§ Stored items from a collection
# # # # # # #
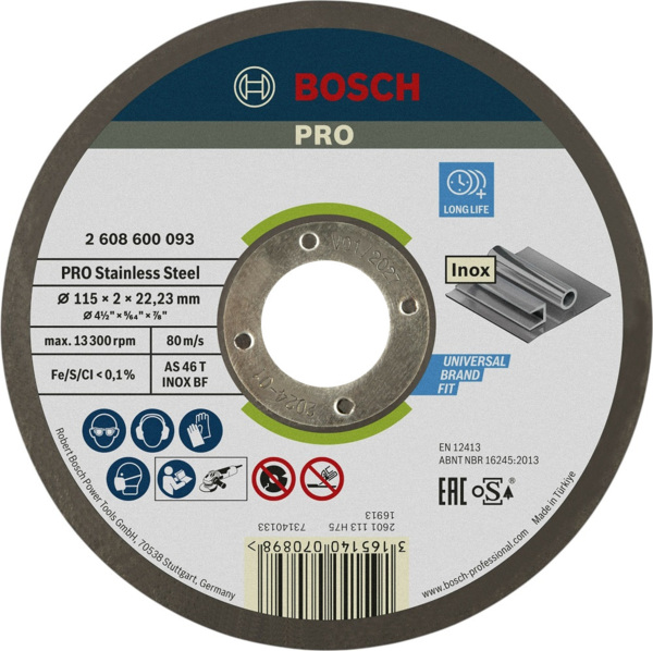 - Диск отрезной Bosch Professional для нержавеющей стали 115x2x22.23мм (2.608.600.093)
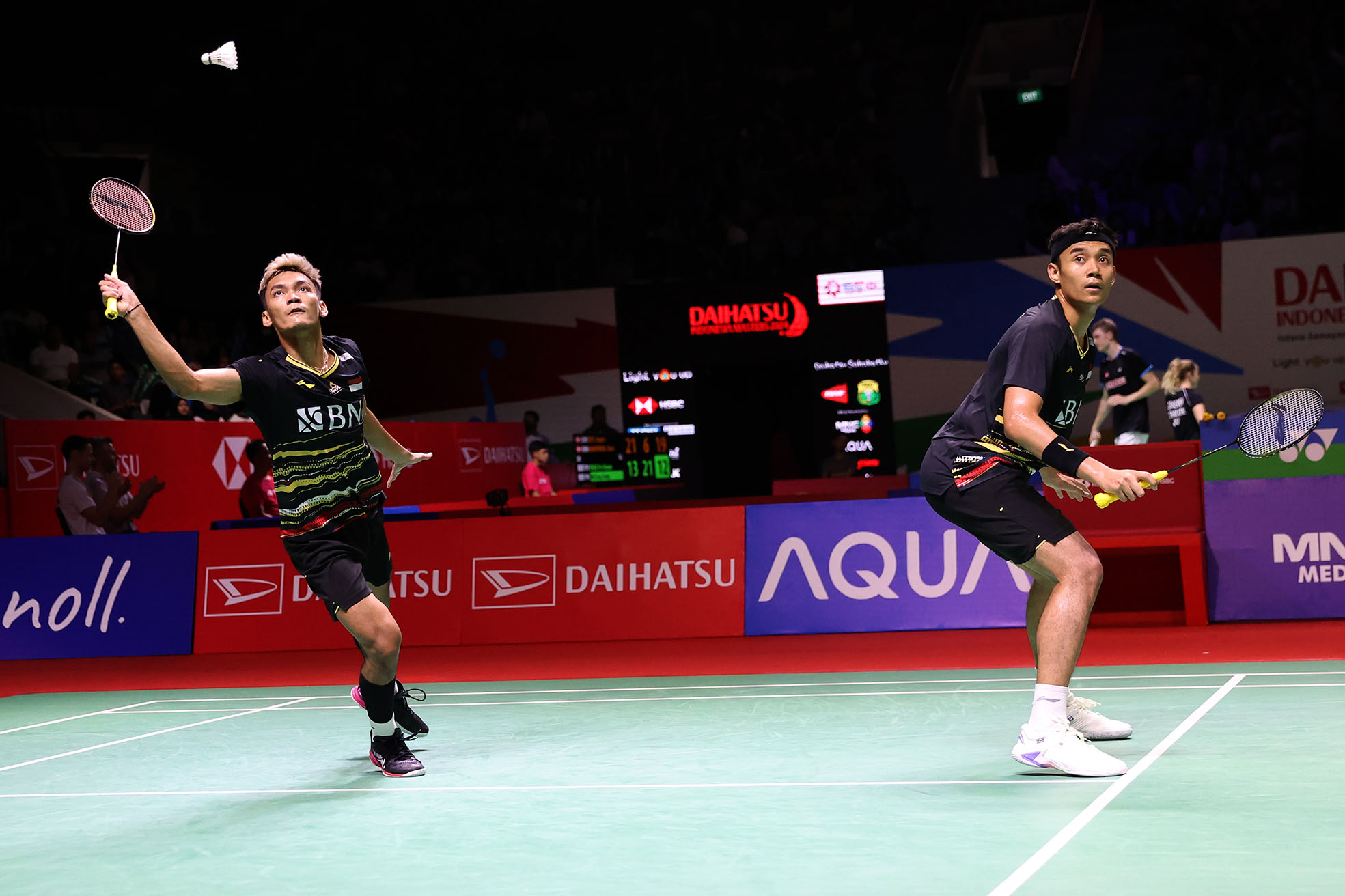 Ganda putra Indonesia, Muhammad Shohibul Fikri/Bagas Maulana berhasil melaju ke babak perempatfinal setelah mengalahkan ganda putra Jepang, Akira Koga/Taichi Saito dua gim langsung, 21-15, 21-18 pada babak 16 besar gelaran Daihatsu Indonesia Masters 2024, Kamis (25/1) di Istora Senayan Jakarta. (Foto : Humas PP PBSI )
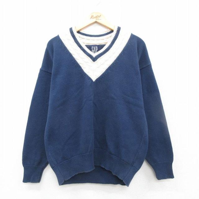 【商品名】 XL★古着 ギャップ GAP 長袖 ケーブル セーター メンズ 90年代 90s Vネック 緑【spe】
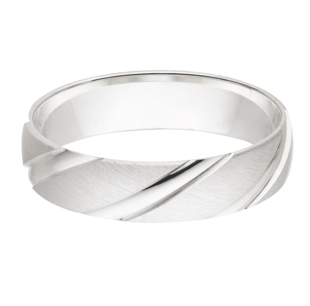 Der Milan Ring verkörpert maskuline Eleganz mit einem Hauch von Bewegung. Die diagonal verlaufenden, polierten Cuts setzen einen kraftvollen Kontrast zur mattierten Oberfläche – ein Design, das Stärke und Stil perfekt vereint.
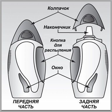 В футляре есть окно, позволяющее видеть остаток препарата во флаконе. При плотном нажатии кнопки происходит распыление суспензии через наконечник. Наконечник защищен колпачком.
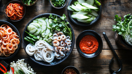 A vibrant array of fresh ingredients showcases a mix of vegetables and seafood on a rustic wooden table, perfect for culinary preparations in Asian cuisine.
# # # # # # #
§ AIM OF THE TASK
Without the pictures, repeat the entries above line by line, from the first through the one that contains "Der Milan Ring", both ends included.

§ OUTPUT BELOW
 - Диск отрезной Bosch Professional для нержавеющей стали 115x2x22.23мм (2.608.600.093)
 Ganda putra Indonesia, Muhammad Shohibul Fikri/Bagas Maulana berhasil melaju ke babak perempatfinal setelah mengalahkan ganda putra Jepang, Akira Koga/Taichi Saito dua gim langsung, 21-15, 21-18 pada babak 16 besar gelaran Daihatsu Indonesia Masters 2024, Kamis (25/1) di Istora Senayan Jakarta. (Foto : Humas PP PBSI )
 【商品名】 XL★古着 ギャップ GAP 長袖 ケーブル セーター メンズ 90年代 90s Vネック 緑【spe】
 Der Milan Ring verkörpert maskuline Eleganz mit einem Hauch von Bewegung. Die diagonal verlaufenden, polierten Cuts setzen einen kraftvollen Kontrast zur mattierten Oberfläche – ein Design, das Stärke und Stil perfekt vereint.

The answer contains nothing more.